*Information shown*:
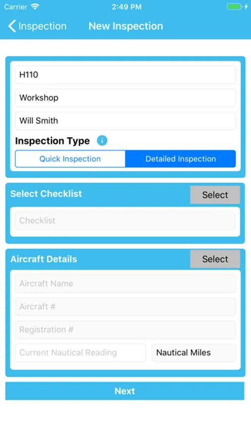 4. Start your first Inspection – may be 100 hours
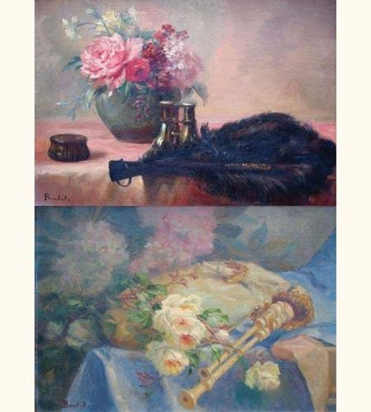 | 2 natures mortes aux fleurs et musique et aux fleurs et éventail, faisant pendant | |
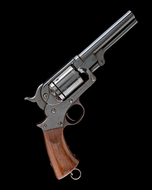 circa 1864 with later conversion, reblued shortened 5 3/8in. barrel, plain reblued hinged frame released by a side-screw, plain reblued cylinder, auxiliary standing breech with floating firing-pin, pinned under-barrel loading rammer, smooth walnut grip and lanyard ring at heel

*To do*: Render the data above verbatim and without pictures.

*Completed exercise*:
 4. Start your first Inspection – may be 100 hours
 | 2 natures mortes aux fleurs et musique et aux fleurs et éventail, faisant pendant | |
 circa 1864 with later conversion, reblued shortened 5 3/8in. barrel, plain reblued hinged frame released by a side-screw, plain reblued cylinder, auxiliary standing breech with floating firing-pin, pinned under-barrel loading rammer, smooth walnut grip and lanyard ring at heel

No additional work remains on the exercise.